After the transmission of the electric power is relayed through the first connector 121 and the second connector 122 (step S70), the disconnection of the second connector 122 from the first connector 121 does not have to be performed (step S71), and may be performed at any timing from step S61 or thereafter.

If the switch 53 is in the off state at the timing at which the second connector 122 is disconnected, that is, if the second connector 122 is disconnected before step S69, the switch 53 is kept in the off state. Meanwhile, if the switch 53 is in the on state at the timing at which the second connector 122 is opened, that is, if the second connector 122 is opened in step S69 or a step thereafter, the switch 53 is switched from the on state to the off state (step S73).
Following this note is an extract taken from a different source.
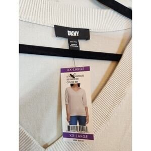 DKNY Womens Sweater V-Neck 3/4 Sleeves Pullover Beige Size XXL New With Tags

As described above, in the connector system 204 according to the fourth embodiment of the present disclosure, the first connector 121 includes the power line PL 63. The second connector 122 includes a power line PL 63. The processing unit 54 in the second connector 122 performs information transmission processing of creating authentication information and transmitting the authentication information to the first connector 121. In a state where first connector 121 and second connector 122 are connected to each other, switch 53 in first connector 121 selects whether or not to electrically connect power line PL53 and power line PL63 to each other. The authentication unit 51 in the first connector 121 performs authentication processing of authenticating the second connector 122 based on the authentication information received from the second connector 122. Then, the control unit 52 in the first connector 121 controls the switch 53 based on the result of the authentication process performed by the authentication unit 51.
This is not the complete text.